Mit der Dominanz soll bald Schluss sein. Die EU will eine ‚strategische Souveränität‘ bei der Nutzung von Daten von europäischen Firmen und Bürgerinnen und Bürger erreichen. Europa will nicht nur der erste klimaneutrale Kontinent werden, sondern auch der erste transparente Datenkontinent auf dem Globus. Die EU will von der Zuschauerbühne in der digitalen Welt auf das digitale Spielfeld und das Spiel mit europäischen Regeln gewinnen.
Auf der Agenda in Brüssel stehen mehrere Initiativen, um europäische Werte und Interessen im Internetzeitalter zur Geltung zu bringen. Die deutsch-französische Initiative ‚Gaia-X‘ will eine europäische Cloud in die Wege leiten. Künftig sollen die europäischen Datenströme nicht mehr über Konzerne in Amerika und Asien geleitet werden, sondern über die Gaia-X-Institution mit Sitz in der EU. Diese Europäische Datenagentur verfolgt keine eigenen wirtschaftlichen Interessen, sondern dient als Treuhänder und auch Aufsichtsbehörde für einen Datenaustausch ohne Diskriminierung und ist offen für gemeinnützige Zwecke, wie etwa für das Gesundheitssystem. Frei von den undurchsichtigen Manövern der Internet-Konzerne könnten sich so auch kleine und mittlere Unternehmen besser des Internets bedienen. Europäische Start-ups und Innovationen bei Produkten und Dienstleistungen sind ebenfalls eher möglich.

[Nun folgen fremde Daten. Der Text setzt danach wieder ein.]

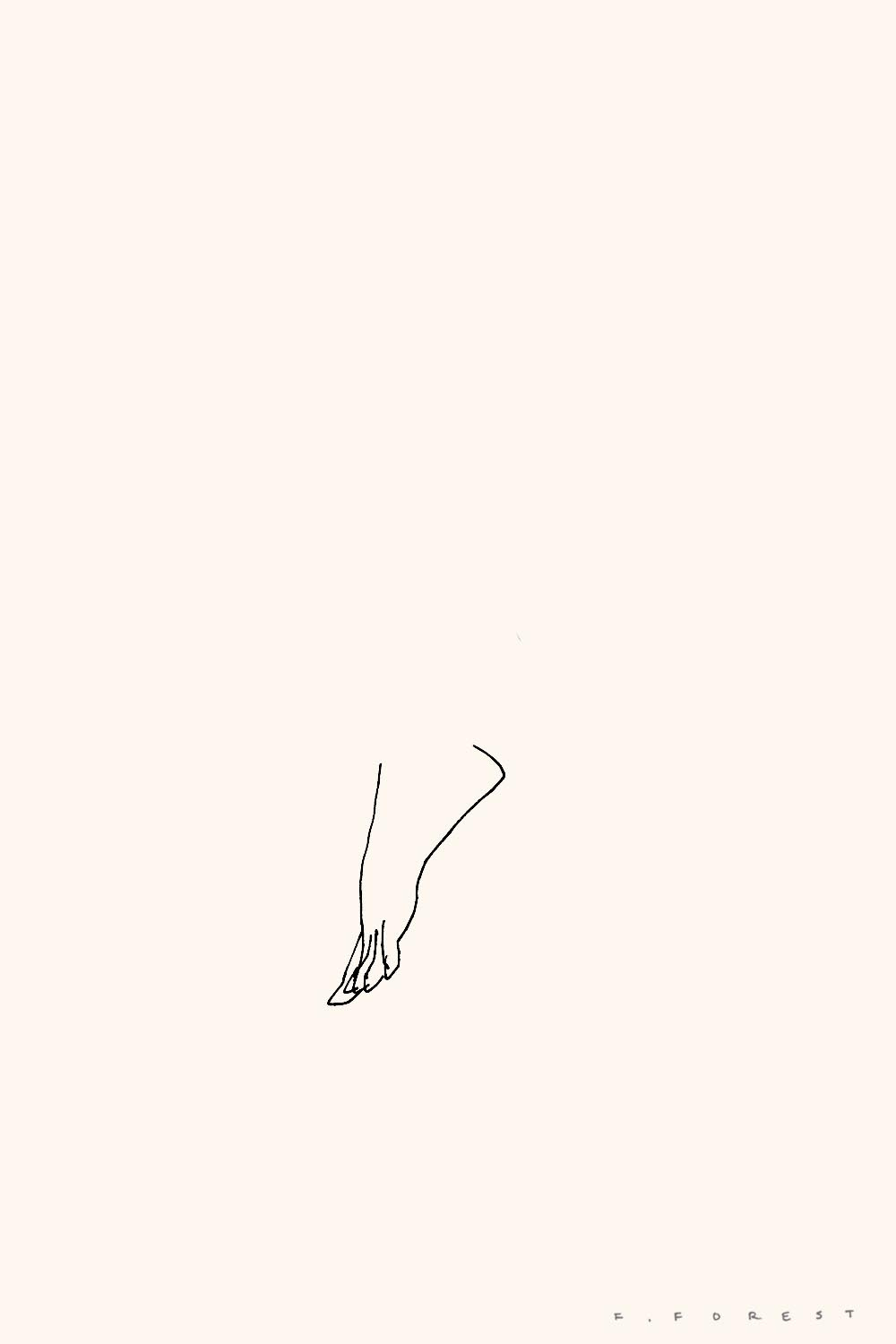 I start directly with the foot, as I’ve positioned it so that it’s at the center of what I’m going to draw. It’s important to keep in mind the size and placement of the rest of the silhouette on the page, but here, I’m really focused on quickly visualizing the drawing in my mind. I begin with the top part of the foot and move down to the big toe. Then, I mark each toe one by one. They are both tense and relaxed. You can either draw them in sequence, one after the other, or mark small lines to find the rhythm and the more or less regular spacing between each toe. It’s up to you.

Datenagentur als Treuhänder
Für die europäische Cloud soll demnächst ein eigener Rechtsrahmen mit dem Data-Governance-Act geschaffen werden. Die Macht der amerikanischen Tech-Konzerne würde damit begrenzt, was viele aus Wirtschaft und Zivilgesellschaft schon lange fordern.
Mitte Dezember wird die Europäische Kommission ein weiteres Gesetz vorstellen, mit dem europäische Regeln für digitale Dienste aufgestellt werden. Das Europäische Parlament hat hierfür schon grünes Licht und Unterstützung signalisiert. Worum geht es? Die Dienste der Tech-Konzerne Google, Facebook und Amazon sind allesamt profitgetrieben. Je länger sie jemanden auf ihrer Plattform halten können, desto mehr Gewinn wird durch Werbung erzielt. Mit personalisiertem Microtargeting werden bestimmte Inhalte zugespielt, bei denen die Konzerne aus den gesammelten Daten wissen oder vermuten, dass sie Nutzer auf der Plattform halten. Algorithmen bestimmen, was wir zu sehen und zu hören bekommen. Diese Praxis ist das am meisten gefährliche Element der derzeitigen Internetwirtschaft. Die Konzerne beeinflussen so Meinungen und Einstellungen, Menschen werden in Echokammern gehalten, ein Leben in gleichförmigen Inhalten kann leichter und schneller zu Selbstradikalisierungen beitragen.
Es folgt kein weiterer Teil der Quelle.